The functions below are all new, everything else (like height functions and constructors) are all done in the parent class, and shouldn't really be relevant. The new functions are:

template <class T>
class binSTree : public binTree<T> {
public:
    void insert (const T& newData) {
        if (root == NULL) {
            root = new binTreeNode<T>(newData);
        }
        else
            insert(root,newData);
    }
    bool search (const T& x) const {
        if (root != NULL)
            return search(root,x);
        else
            return false;
    }
    bool remove (const T& x) {
        if (root == NULL)
            return false;
        remove(root,x);
        return true;
    }
protected:
    binTreeNode<T>* root;
private:
    void insert (binTreeNode<T>*& ptr, const T& x) {
        if (ptr == NULL) {      // Base case, actual insertion
            binTreeNode<T>* newNode;
            newNode = new binTreeNode<T>(x);
            ptr = newNode;
            return;
        }
        if (x == ptr->data)
            return;
        else if (x < ptr->data)
            insert(ptr->left,x);
        else
            insert(ptr->right,x);
        return;
    }
    bool search (binTreeNode<T>* ptr, const T& x) const {
        if (ptr->data == x)
            return true;
        else if (x < ptr->data && ptr->left != NULL)
            search(ptr->left,x);
        else if (ptr->right != NULL)
            search(ptr->right,x);
        else
            return false;
    }
    binTreeNode<T>* remove (binTreeNode<T>* ptr, const T& x) {
        if (ptr == NULL)
            return NULL;
        else if (ptr->data == x && leaf(ptr)) {
            delete ptr;
            ptr = NULL;
            return ptr;
        }
        else if (ptr->data == x && !leaf(ptr))
            return ptr;
        else if (x < ptr->data) {
            ptr->left = remove(ptr->left,x);
            return ptr;
        }
        else {
            ptr->right = remove(ptr->right,x);
            return ptr;
        }
    }
    bool leaf (binTreeNode<T>* node) const {
        if (node->left != NULL || node->right != NULL)
            return false;
        return true;
    }
};

The segmentation fault, according to valgrind, is in the private insert in the conditional where I check if (x == ptr->data).
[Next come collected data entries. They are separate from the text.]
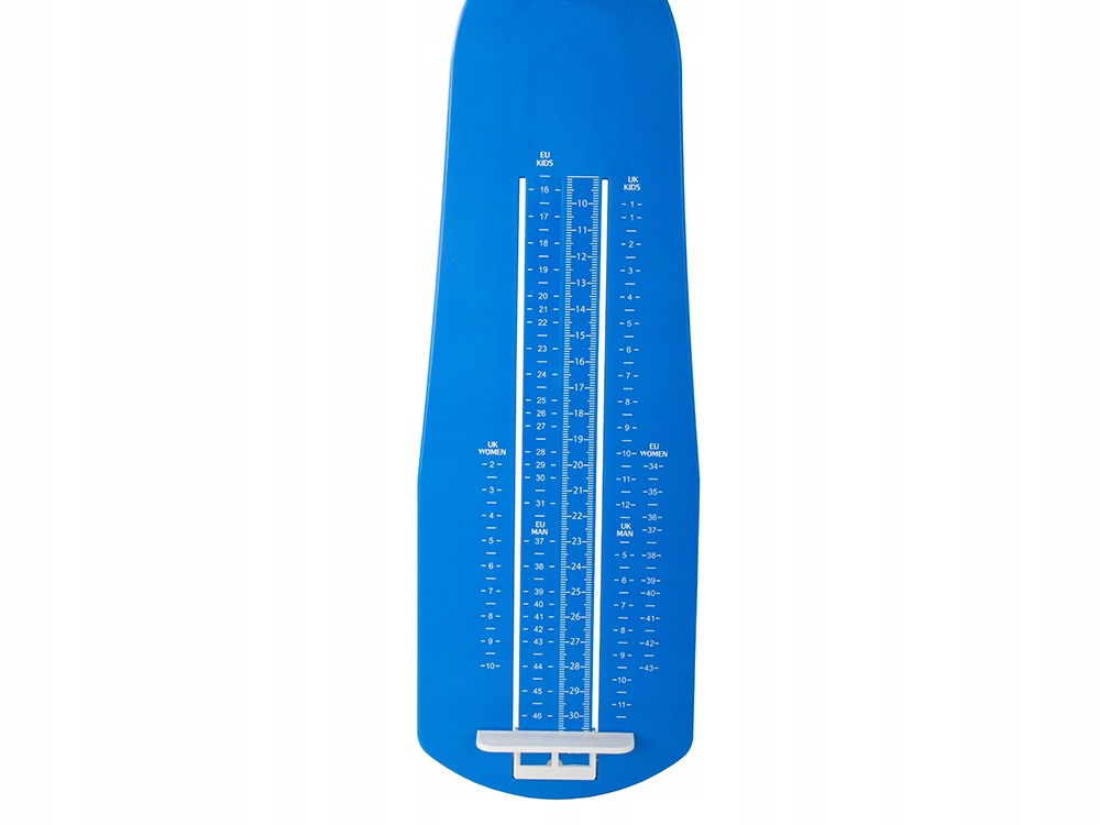 - Mõõdustikud EU, UK ja sentimeetrites – samal jalamõõtjal on mitu skaalat, mis teeb suuruse võrdlemise mugavaks (eriti siis, kui e-poes on suurused eri süsteemides).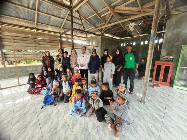 Bangunan itu adalah Musala Al-Aqsa, tempat ibadah kecil yang lebih menyerupai pondok darurat. Atapnya seng, rangkanya kayu, sebagian dinding terbuka, dan tidak ada fasilitas memadai. Namun dari celah-celah bangunan yang sederhana itu, terdengar lantunan bacaan Al-Qur’an dari anak-anak kecil. Santri cilik bersarung dan berjilbab duduk rapi di lantai, mengeja ayat demi ayat di bawah bimbingan tiga ustazah sukarela.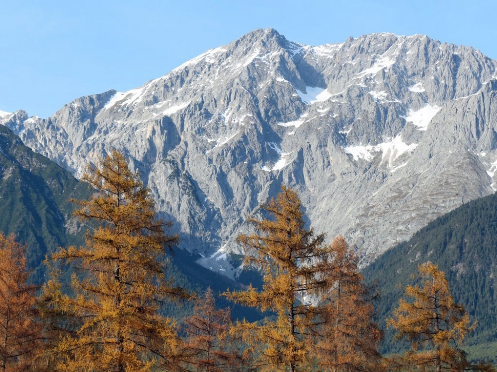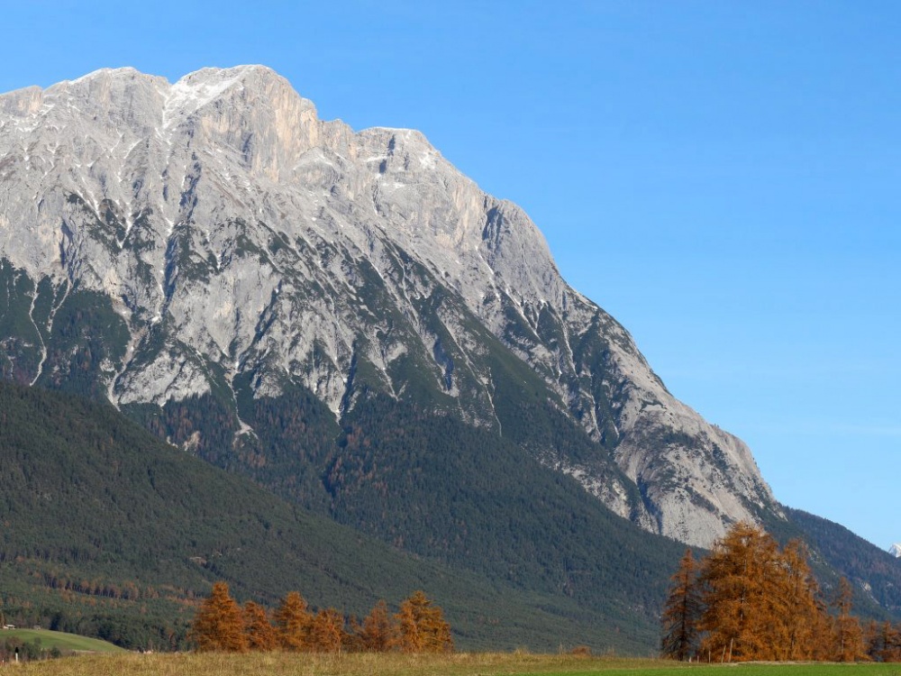 Faszination Heimat. Vielfach fotografiert und in früheren Jahren auch gerne als Postkartenmotive in ferne Länder verschickt. Die Lärchen berühren. Die Lärche war in Österreich 2002 Baum des Jahres. Sie gehört zur Familie der Kieferngewächse. Lärchen stehen überwiegend in Wirtschaftswäldern. Sie sind beliebt in der Möbelindustrie. Auf den Mooswiesen und am Fuße der Mieminger Berge genießen die Lärchen einen Sonderstatus. Sie sind Teil unserer Kulturlandschaft.
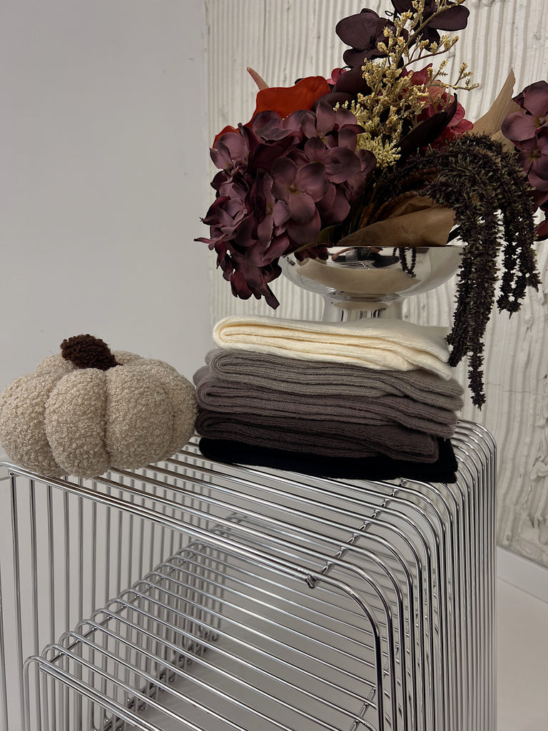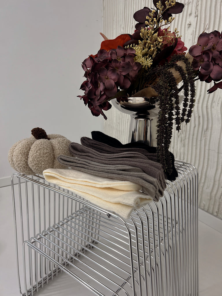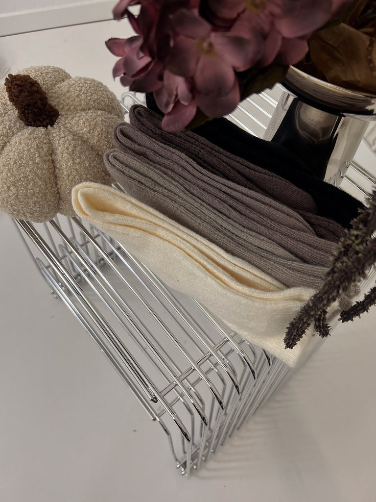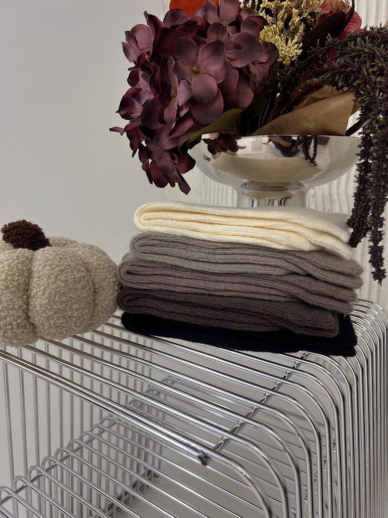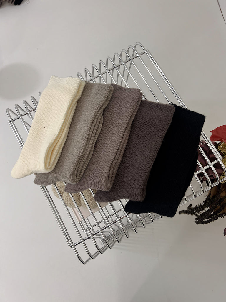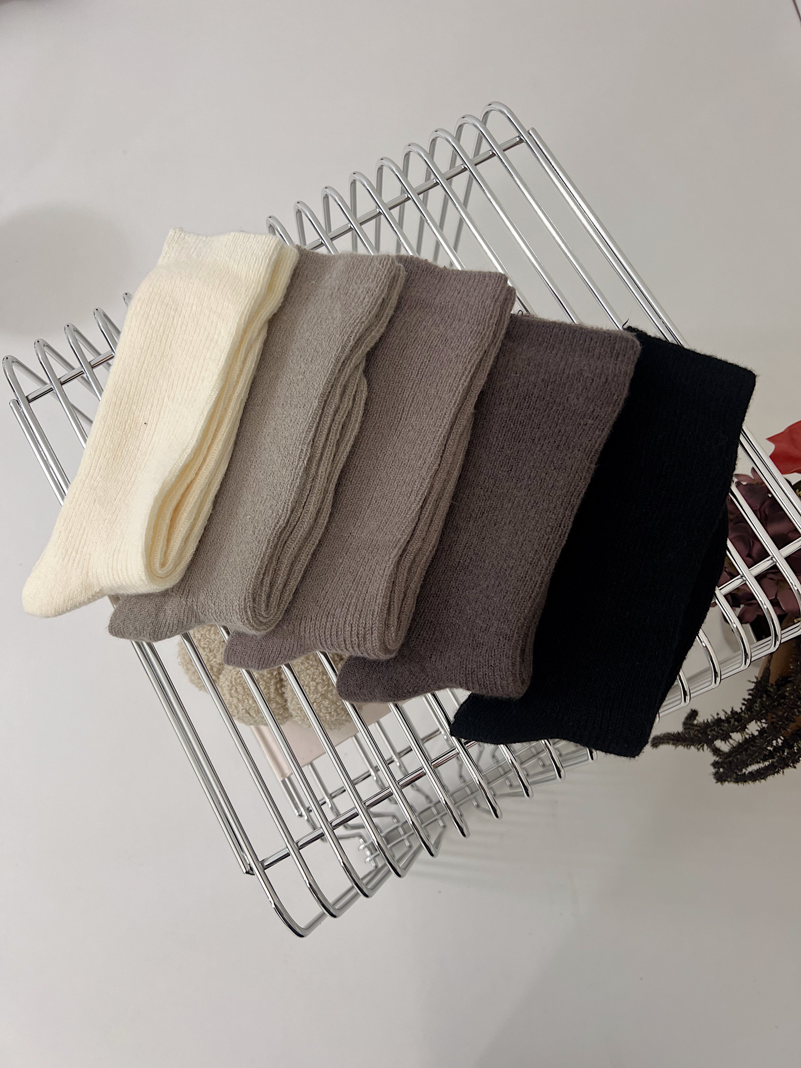 5-pak skarpetek z wełny merino w kolorach: ecru, ciemny brąz, jasny brąz, szary i czarny.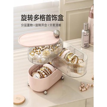 點我下載桌面收納盒可旋轉分層帶分格頭繩化妝品數據線防塵兒童發飾儲物盒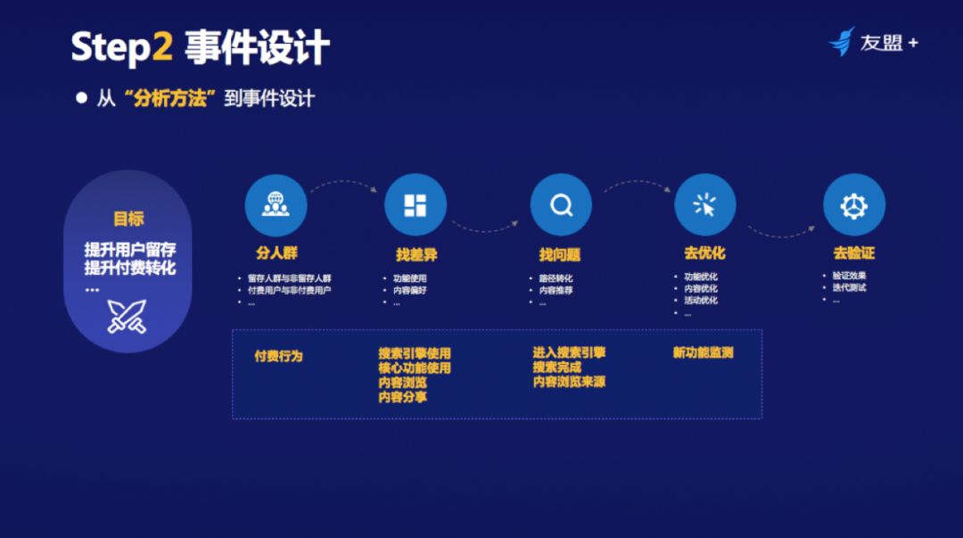 比如,目标锁定是要提升用户留存或者是提升付费转化率,那么,首先要找到不同的人群,针对人群找差异(功能使用、内容偏好的差异),找到不同的人群在功能使用、以及转化路径的差异后,在去找问题,如某一些功能对于非留存用户或者是非付费用户体验不好或推荐的内容用户不感兴趣,找到问题后,就需要进行优化,并进行验证;针对分析方法中的每个环节,其实都能对应到需要分析的事件,如找问题的环节会对入口的点击、完成的情况,内容浏览的来源等等进行事件采集,在分人群环节,会对用户的付费行为进行事件采集等等。

Does anyone have any idea why this is? I've completely hit a wall. Thanks :3

5
  • Have you confirmed that ptr contains a valid address? Commented Apr 5, 2012 at 23:40
  • To expand upon that, NULL checks only work if the pointer was initialized to NULL (or happens to have a value of the same). If I do int *ptr; ptr is likely not NULL, it's value is indeterminate. Commented Apr 5, 2012 at 23:41
  • My constructor sets the data to NULL if no actual data is set, so it should either be NULL or valid data. Commented Apr 5, 2012 at 23:53
  • Is the type of T in your driver function a built-in type, or one of your own classes? If it's one of your classes, does it define a custom == operator? Commented Apr 6, 2012 at 0:03
  • They're integers, nothing special. Commented Apr 6, 2012 at 0:12

1 Answer 1

4

There is a problem in your remove code that may or may not be the cause of your crash, but should definitely be fixed: when you recursively remove ptr->left or ptr->right that results in deleting the node, you should also set the left or right pointer in the parent to NULL; otherwise you open up your code to errors associated with dangling pointers.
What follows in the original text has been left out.